Юрий ухмыльнулся Алику:
— Видишь, сколько вариантов? А ты беспокоился, что полет будет скучным.
Алик прикрыл глаза:
— О гос–споди.
Каллум пилотировал одного из шпионов–ползунчиков. Вел он уверенно, хотя протекала операция ужасающе медленно. Скопление выпученных глазок маленького паукообразного дрона давало довольно странное изображение. Непонятно было, почему Джессика не использовала линзы попроще, но, когда Каллум как–то раз поинтересовался этим, она пробормотала что–то насчет достоверности и избегания расхождений.
Дрон осторожно пробирался по широкому проходу, вырубленному в скале. Идеально гладкая поверхность пола потускнела с годами. Стены и потолок представляли собой беспорядочное переплетение деревянных труб (некоторые обхватом превосходили ствол старого дуба), опутанных стеблями в палец толщиной, образующими загадочный серо–коричневый гобелен.
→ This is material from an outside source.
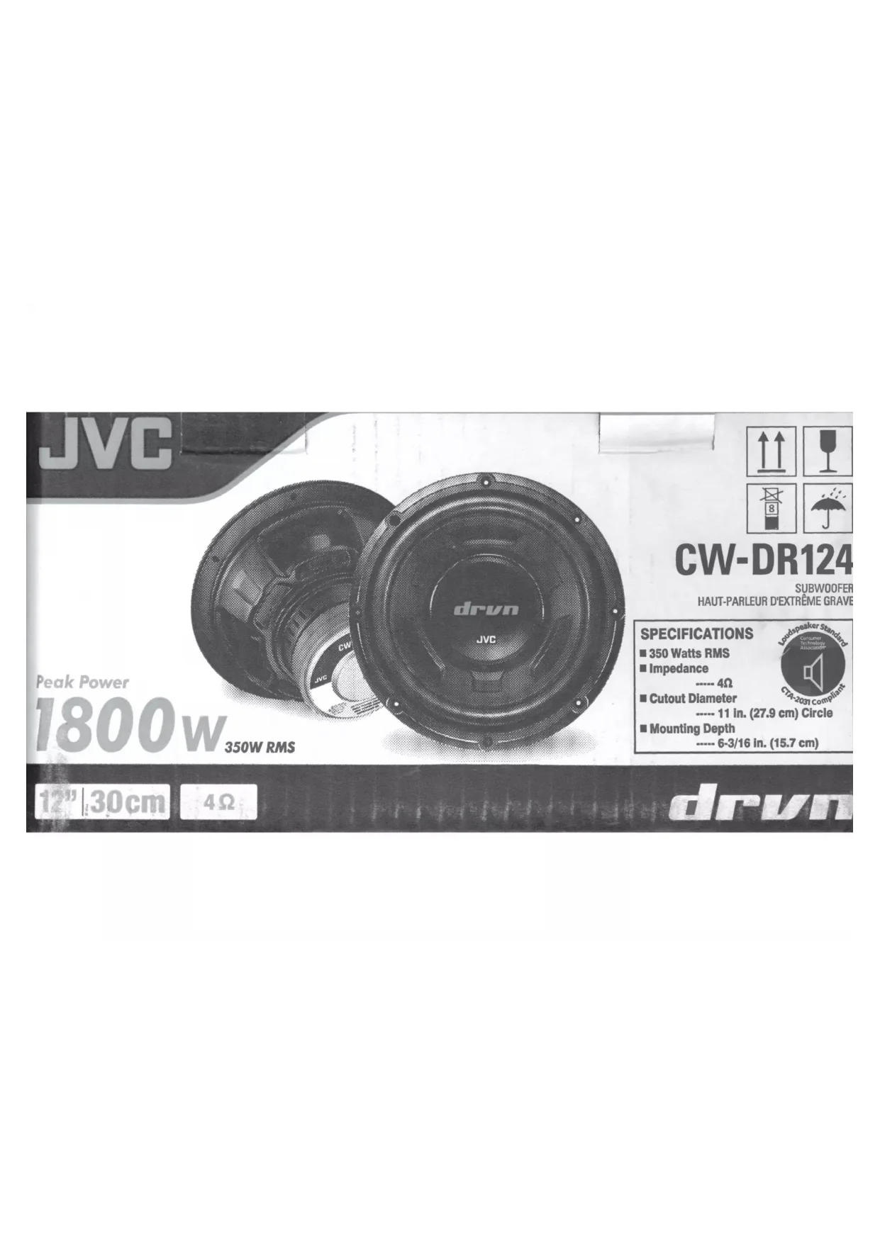 | Caractéristiques techniques | Caisson de basses JVC CWDR124, puissance de 200W, réponse en fréquence de 30Hz à 200Hz, impédance de 4 ohms. |

Листвы было немного, а биолюминесцентные полосы, протянутые вдоль коры, располагались на изрядном расстоянии друг от друга, так что большие участки терялись в тени. На полу под растрескавшимися трубами скапливались лужицы густой липкой жидкости, которые ползунчик под руководством Каллума старательно обходил.
В полукилометре от ангара пол начал подниматься. В паре больших труб обнаружились вентиляционные клапаны, которые Каллум сперва принял за корявые наросты на коре. Когда же он остановил шпиона возле одного из них, то увидел, что луковицеобразная нашлепка медленно расширяется и сжимается, выдыхая влажный воздух. Кору рядом с клапаном покрывала пушистая сине–зеленая дрянь, нечто среднее между плесенью и папоротником.
Еще через пару сотен метров проход раздваивался. Каллум направил дрона в туннель поуже. Тот опять разветвился, а потом вывел на перекресток пяти туннелей, один из которых шел вертикально вверх и был почти полностью забит трубами, свившимися совсем уже непристойно. Ползунчик двинулся дальше, вновь выбрав самый узкий проход, и нашел в древесной паутине щель, как раз такую, чтобы в нее мог протиснуться человек. Внутри было темно.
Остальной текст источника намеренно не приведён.